Task brief: Copy the listing in full and exactly, omitting its images.

Data shown:
Content starts

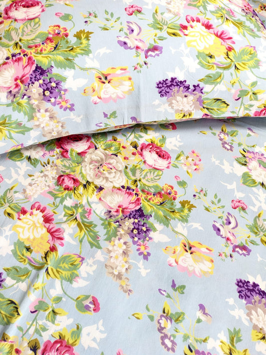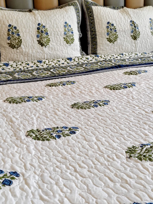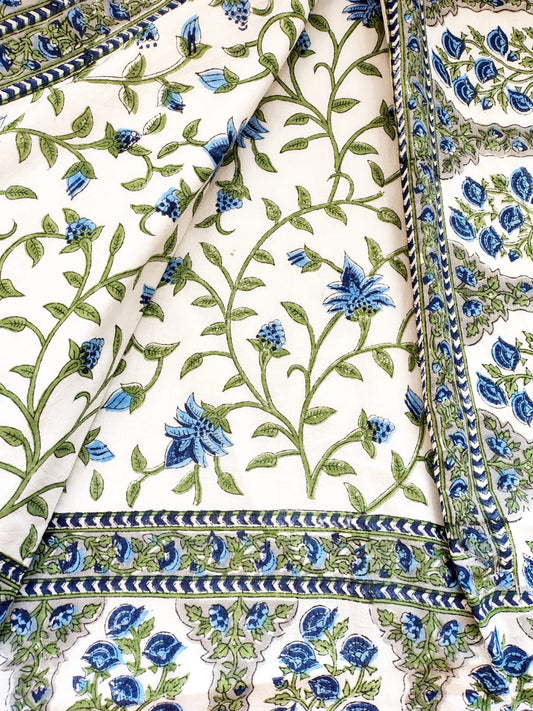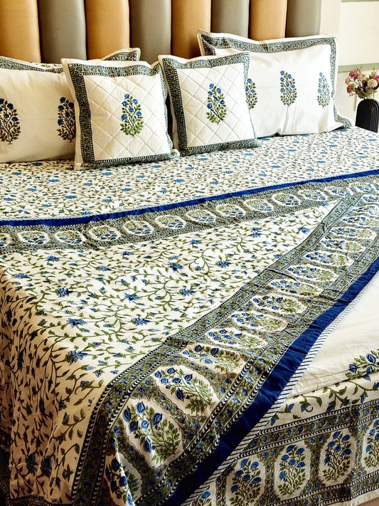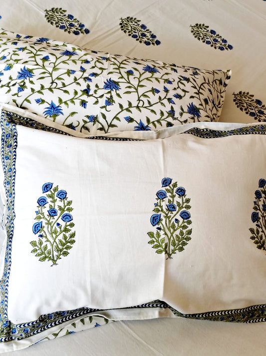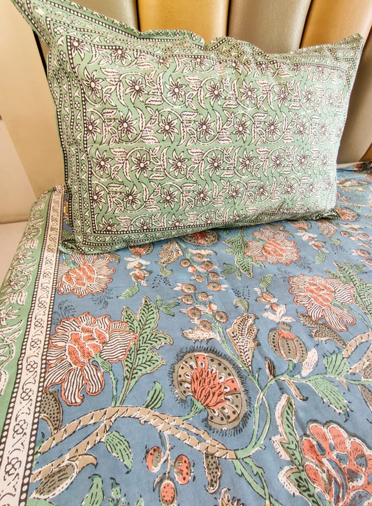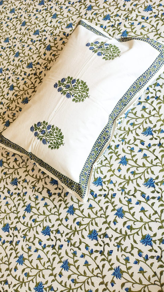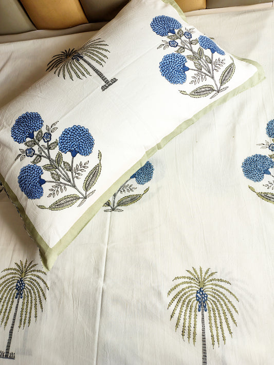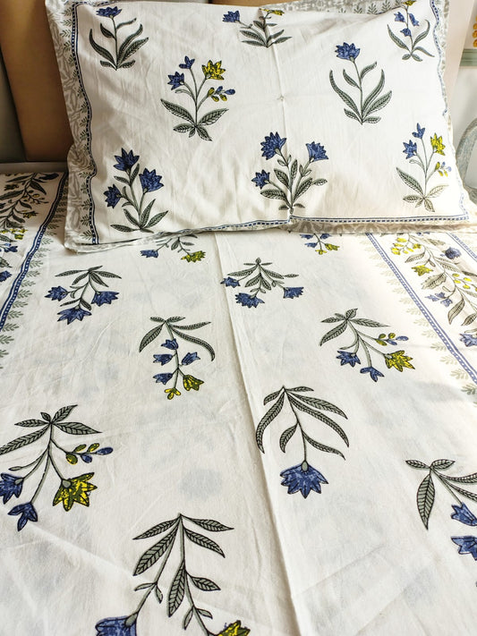 Blue Floral Bunch Block Printed Bedsheet with Two Reversible Pillow Covers
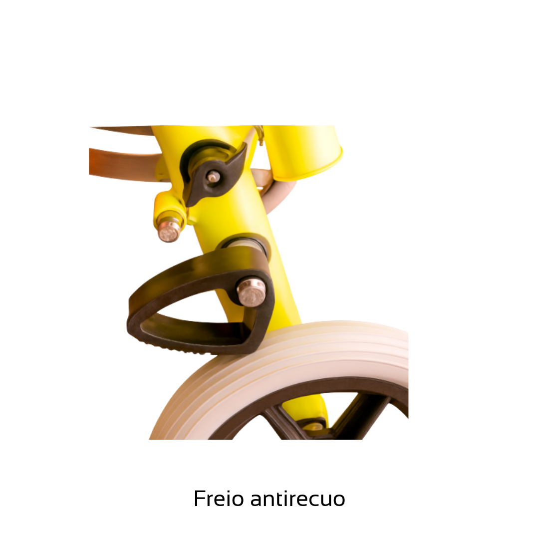 - -Freio nas rodas traseiras, sistema que não permite que se mova para trás (exceto no tamanho PP);
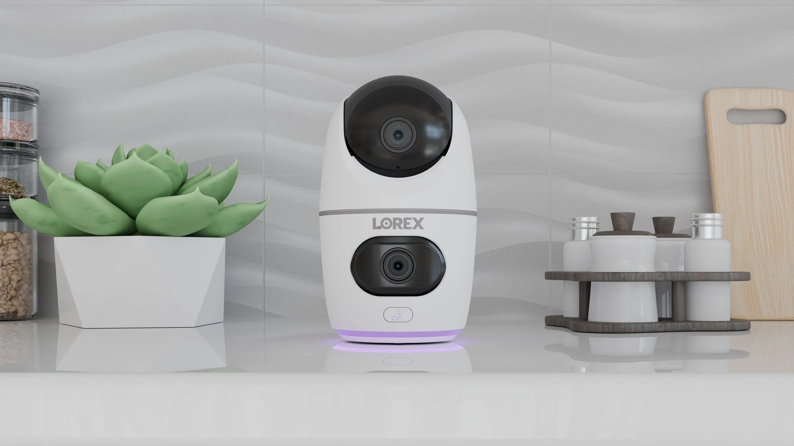 Новейшие Wi-Fi камера безопасности от Lorex обладает smarts необходимыми для того, чтобы отличать животных от людей при отправке оповещений, функцией двустороннего разговора и ночное видение как и многие другие; однако она также может следить за такими объектами, как дети, продолжая при этом сканировать"каждый уголок" комнаты с помощью своих двойных объективов.
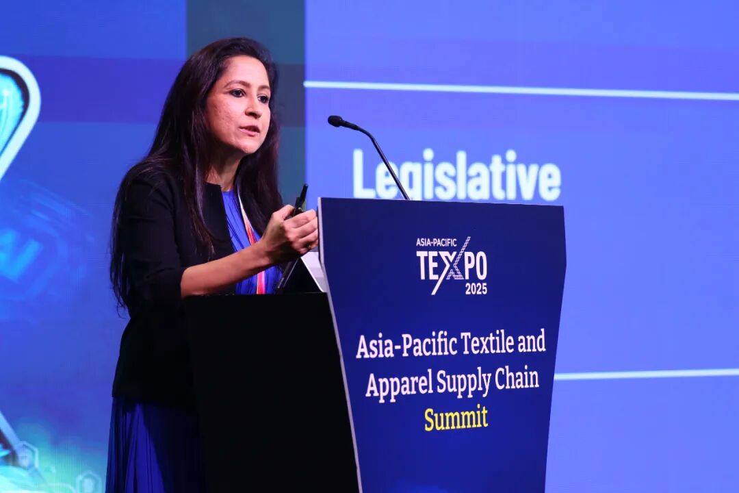 ![]() 新加坡时尚协会南部区域主任Shruti Singh作“从洞察到行动:共创可持续时尚未来”的报告。基于对品牌、制造商、零售商、政府机构、创新者等多方利益相关者的深入调研,了解亚太地区时尚生态系统的现状、差距与挑战,探寻未来发展机遇,旨在促进区域伙伴关系,共同推动能力建设与技术创新,构建更加循环、更具韧性的时尚生态系统,助力亚洲时尚产业实现可持续转型。

Content ends

Output:
 Blue Floral Bunch Block Printed Bedsheet with Two Reversible Pillow Covers
 - -Freio nas rodas traseiras, sistema que não permite que se mova para trás (exceto no tamanho PP);
 Новейшие Wi-Fi камера безопасности от Lorex обладает smarts необходимыми для того, чтобы отличать животных от людей при отправке оповещений, функцией двустороннего разговора и ночное видение как и многие другие; однако она также может следить за такими объектами, как дети, продолжая при этом сканировать"каждый уголок" комнаты с помощью своих двойных объективов.
 ![]() 新加坡时尚协会南部区域主任Shruti Singh作“从洞察到行动:共创可持续时尚未来”的报告。基于对品牌、制造商、零售商、政府机构、创新者等多方利益相关者的深入调研,了解亚太地区时尚生态系统的现状、差距与挑战,探寻未来发展机遇,旨在促进区域伙伴关系,共同推动能力建设与技术创新,构建更加循环、更具韧性的时尚生态系统,助力亚洲时尚产业实现可持续转型。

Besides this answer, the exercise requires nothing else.